12. The plasma spray apparatus (110) of claim 1, wherein said processor (710) provides for storing said plurality of measurements (650) on a database (732) as historical data (734), wherein said processor (710) provides for comparing said measurements (650) to a threshold value (740) to selectively generate said response (770), and wherein said threshold value (740) is selectively influenced by said historical data (734) originating from outside said plasma spray apparatus (110).

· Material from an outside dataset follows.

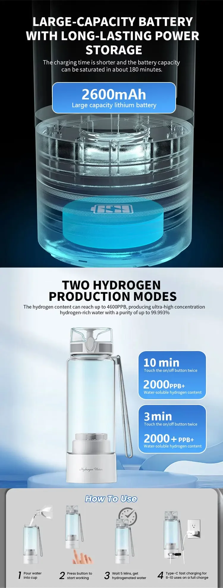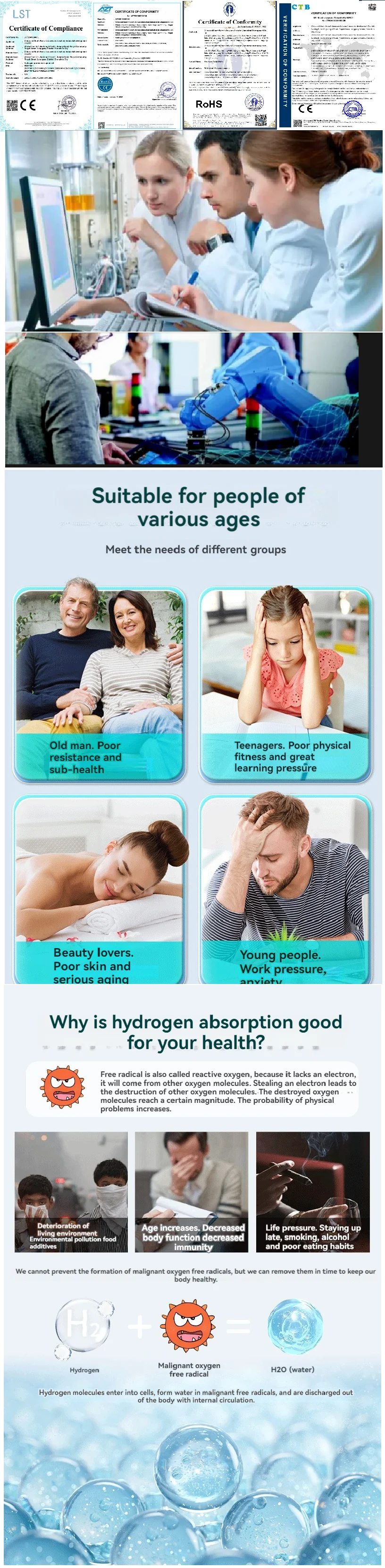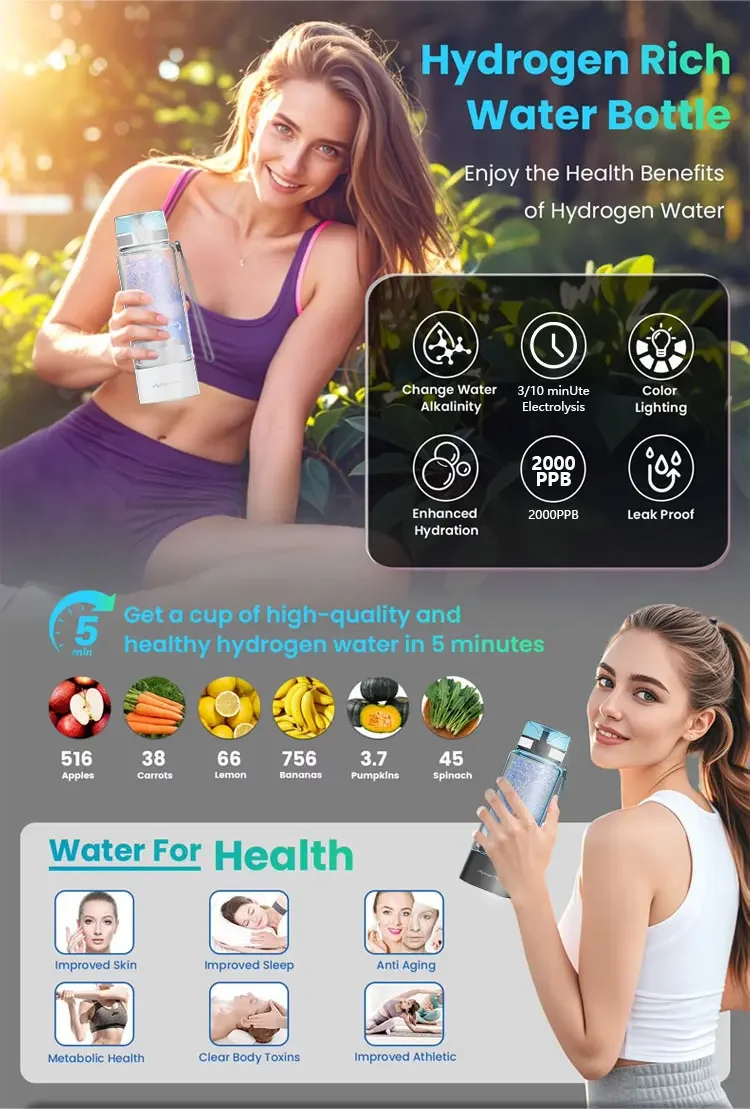 ●ปลอดภัยต่อการดื่ม 100%ความบริสุทธิ์ของไฮโดรเจนถึง 99.99%ออกซิเจน คลอรีน และโอโซนถูกแยกออกจากกันและปล่อยออกทางช่องระบายก๊าซเสียด้านล่าง แบตเตอรี่ความจุสูง 1800mAh สามารถรองรับการใช้งานการอิเล็กโทรไลซิสได้มากกว่าผลิตภัณฑ์อื่นถึงสองเท่า

13. A plasma spray system (100) that includes a pathway (492) of electricity (490) used to create a plasma arc (60) between a cathode (212) and a free end (370) of a wire (310), wherein said cathode (212) rotates around the free end (370) of the wire (310), said system (100) comprising:

a sensor assembly (600) that includes at least one electrical sensor (611) for capturing a plurality of electrical measurements (652) over time from the pathway (492) used to create the plasma arc (60), wherein said electrical sensor (611) is adapted to transmit said electrical measurements (652) to a processor (710); and

a computer system (700), said computer system (700) including said processor (710) that provides for receiving said plurality of electrical measurements (652) from said electrical sensor (611), wherein said processor (710) is adapted to create a waveform (750) from at least a subset of said electrical measurements (652);

wherein said processor (710) uses said waveform (750) to selectively identify a curved wire condition (801) in the wire (310); and

wherein said processor (710) automatically triggers a response (770) to said curved wire condition (801).

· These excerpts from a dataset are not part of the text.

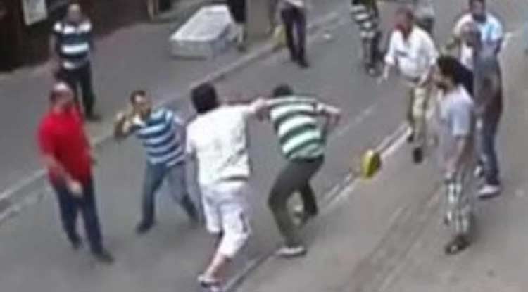 Kavga görüntüleri anbean çevredeki vatandaşlar tarafından kaydedildi. Görüntülerde çok sayıda işletmecinin vatandaşa sopalarla saldırdı görüldü.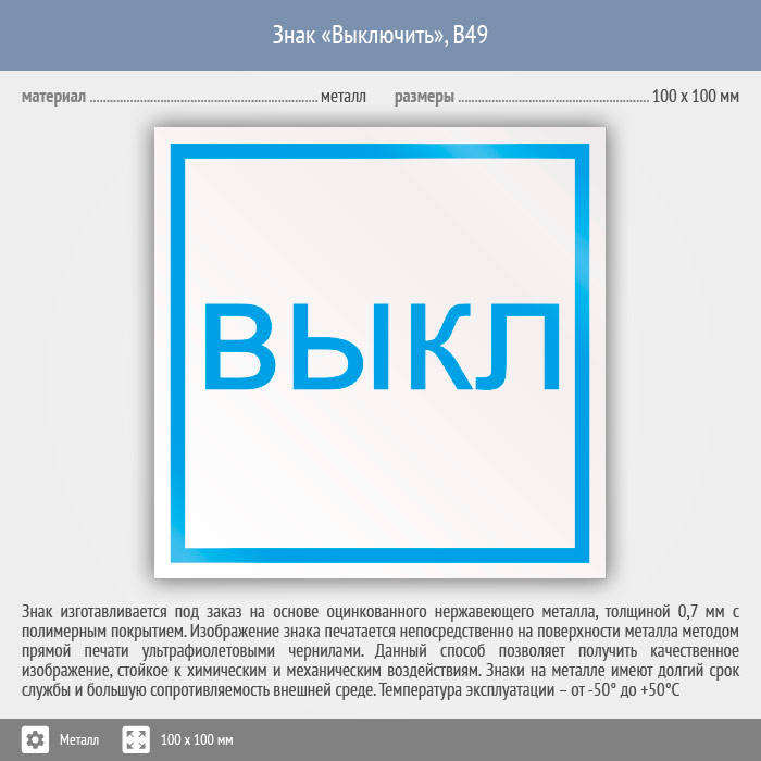 Знак «Выключить», B49 (металл, 100х100 мм) в Волгограде купить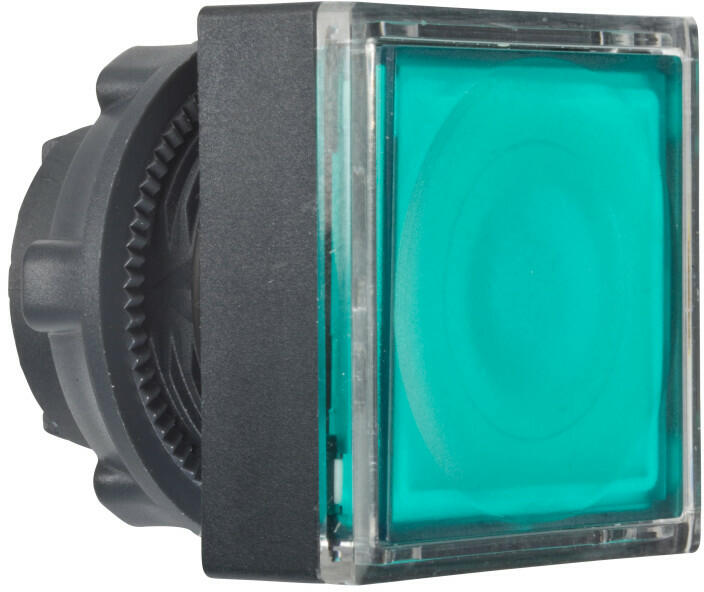 Harmony műanyag négyszög alakú világító nyomógomb fej, Ø22, visszatérő, LED modulhoz, betehető címke, zöld Schneider ZB5CW333 Harmony műanyag négyszög alakú világító nyomógomb fej, Ø22, visszatérő, LED modulhoz, betehető címke, zöld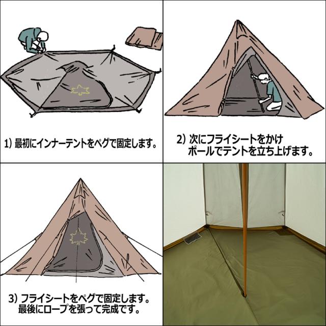 フロアシートと地面の間に敷き、四隅をテントフレームに結びつけ、ティピーの中央ポールを囲うようにマットを敷き、生地の合わせ部分を留めるだけ。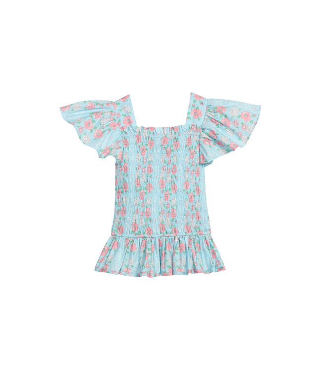 Soft, sweet, and full of flair, this blue floral smocked top is a must-have for any wardrobe! This top features flutter sleeves and a smocked bodice. Comfortable and stylish for your tween girl, it pairs perfectly with Denim Shorts or a skirt!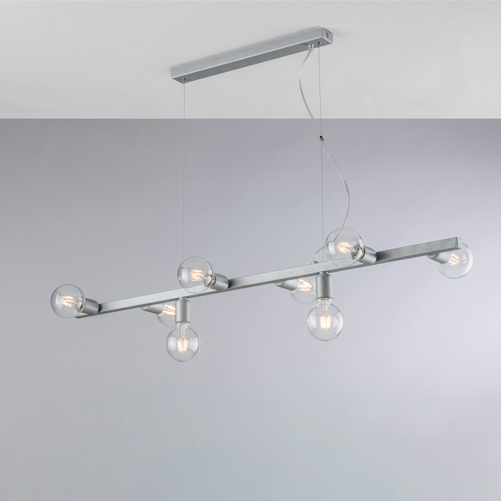 Tato ručně vyrobená železná závěsná lampa je elegantní, moderní a zároveň elegantní. Je to osvětlovací řešení určené pro moderní a sofistikované prostory. Jednoduchá, vyvážená horizontální konstrukce v sobě ukrývá kulové skleněné difuzory , které poskytují rozptýlené, rovnoměrné a dramatické světlo.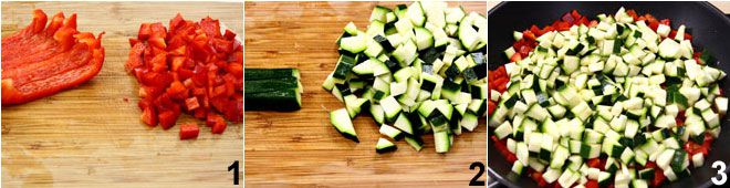 Um die Gemüsetörtchen mit Käse zuzubereiten, beginnen Sie damit, die Kartoffeln mit Schale im Schnellkochtopf etwa 15 Minuten zu garen (oder 30/40 Minuten, wenn sie in einem normalen Topf gekocht werden), bis sie weich sind. In der Zwischenzeit waschen und halbieren Sie die Paprika, entfernen Sie den Stiel und die Samen und schneiden Sie sie in kleine Würfel 1; waschen Sie die Zucchini und schneiden Sie sie in Würfel wie die Paprika 2. Erhitzen Sie 2-3 Esslöffel natives Olivenöl extra in einer Pfanne und braten Sie die Paprika für ein paar Minuten an, fügen Sie dann die Zucchini hinzu 3

14. The plasma spray system (100) of claim 13, wherein said waveform (750) includes a period (753), and wherein said period (753) of said waveform (750) selectively influences the identification of said curved wire condition (801) in the wire (310).

15. The plasma spray system (100) of claim 13, wherein said processor (710) of plasma spray system (100) is adapted to automatically trigger a plurality of responses (770) when said curved wire condition (801) is identified by said processor (710).

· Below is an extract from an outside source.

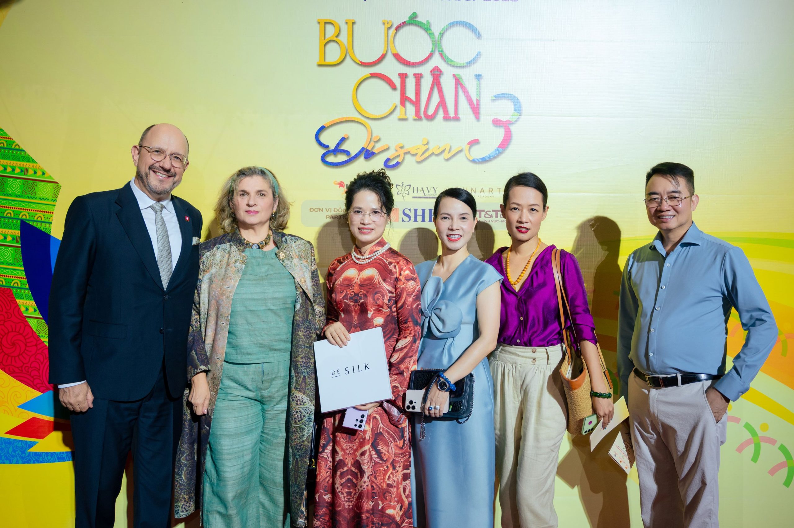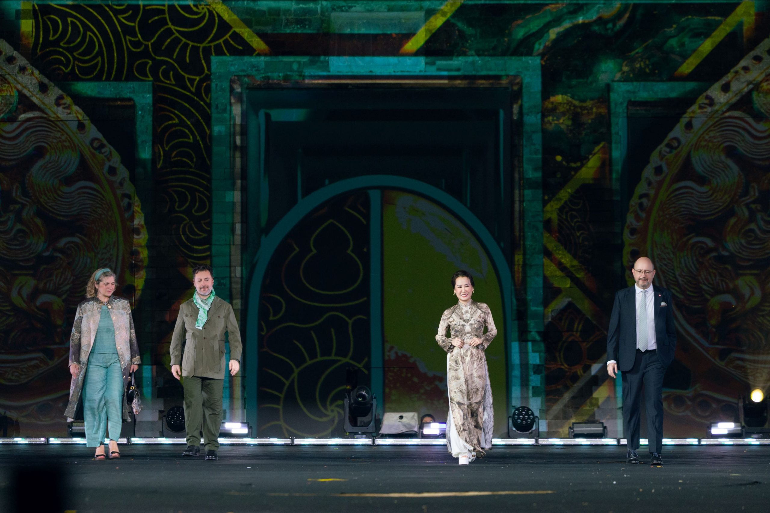 Khoảnh khắc đặc biệt của “Bước chân Di sản” được tiếp nối khi những người bạn quốc tế và nghệ sĩ Việt cùng sải bước trên nền lụa DeSilk qua BST Thăng Long – Dấu thời gian, mang theo thông điệp của tình hữu nghị, của vẻ đẹp vượt thời gian. BST là lời thì thầm giữa quá khứ và hiện tại, là dấu vết xưa được chuyển ngữ bằng lụa trong thời đại hôm nay. Từ hành trình khám phá Hoàng Thành Thăng Long, NTK Văn Hằng mong muốn đem tới một cách nhìn mới cho người thưởng lãm rằng: “Thời gian không làm mờ đi di sản – mà chính là lớp men làm nó rực rỡ hơn bao giờ hết.”
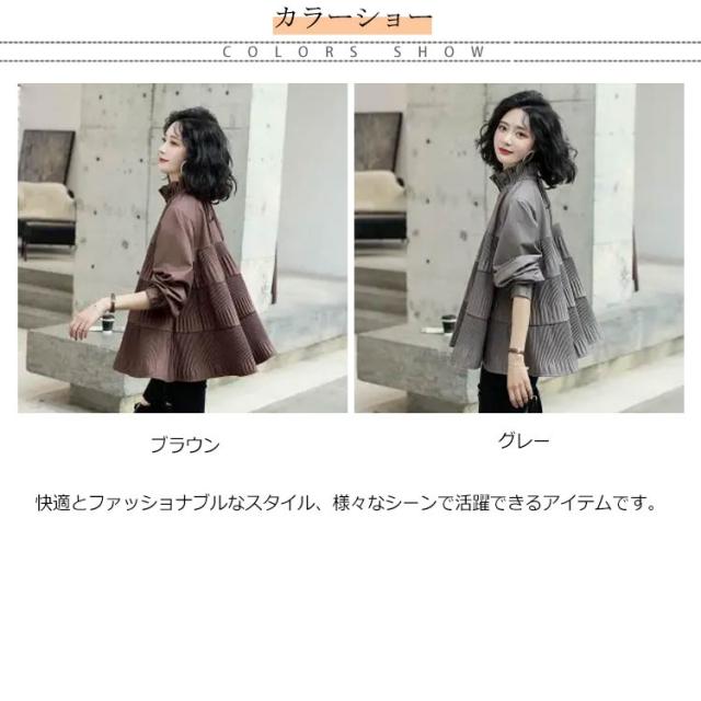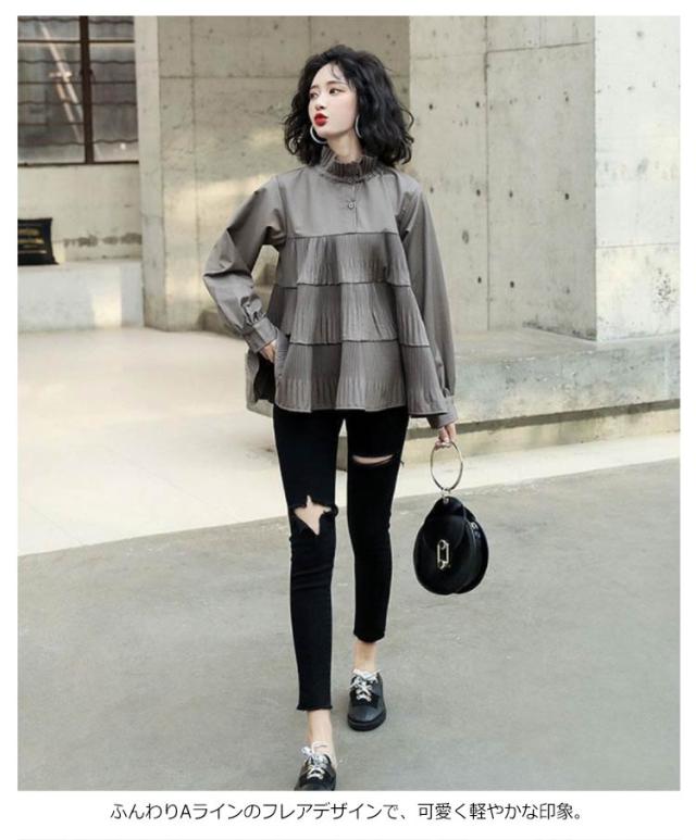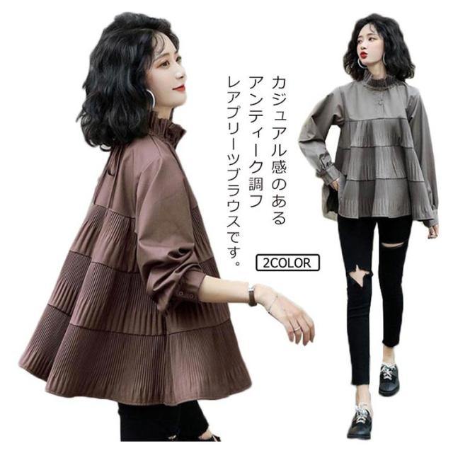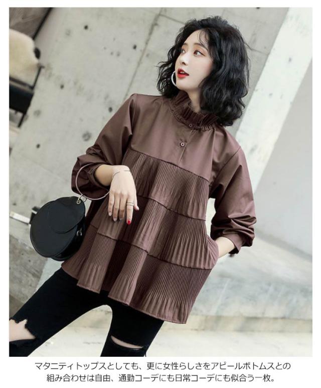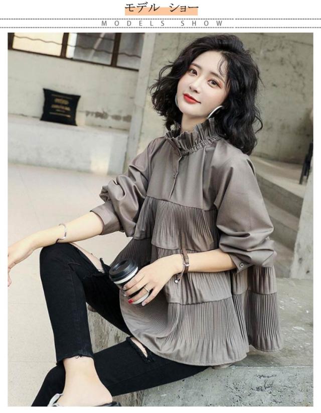 アンティーク調 フレアプリーツブラウス レディース 長袖 シャツチュニック フリルネック 切り替え オフィス スタンドカラー スタンドフリル 体型カバー かわいい カジュアル きれいめ 春 秋 送料無料

16. The plasma spray system (100) of claim 13, wherein said processor (710) is adapted to automatically trigger a plurality of responses (770), said plurality of responses (770) include a wire warning (773), a modify wire feed process (792), and a shutdown (799).

17. The plasma spray system (100) of claim 13, wherein said waveform (650) includes a rate-of-change-in-period attribute (754) that selectively influences the identification of said curved wire condition (801).

18. A method of performing plasma spraying (900), comprising:

creating (940) a plasma arc (60) between a cathode (212) and a free end (370) of a wire (310), wherein said cathode (212) rotates around said free end (370) of said wire (310);

capturing (950) a plurality of electrical measurements (652) from an electrical sensor (611), wherein said plurality of electrical measurements (652) are captured by said electrical sensor (611) from a pathway (492) providing electricity (490) to said cathode (212) and said free end (370) of said wire (310);

transmitting (960) said electrical measurements (652) to a processor (710);

analyzing (962) at least a subset of said electrical measurements (652) as a waveform (750) by said processor (710); and

generating (970) a response (770), wherein said response (770) pertaining to the wire (310) is automatically triggered by said processor (710).

19. The method (900) of claim 18, wherein the generating (970) of said response (770) is also influenced by a threshold value (740) that is derived from a database (732) of historical data (734).

20. The method (900) of claim 18, wherein said processor (710) provides for generated a plurality or responses (770) to a plurality of operating conditions (800), said plurality of responses (770) including a plurality of warnings (772) pertaining to at least a subset of said operating conditions (800) and a plurality of automatic adjustments (790) pertaining to a plurality of operating conditions (800).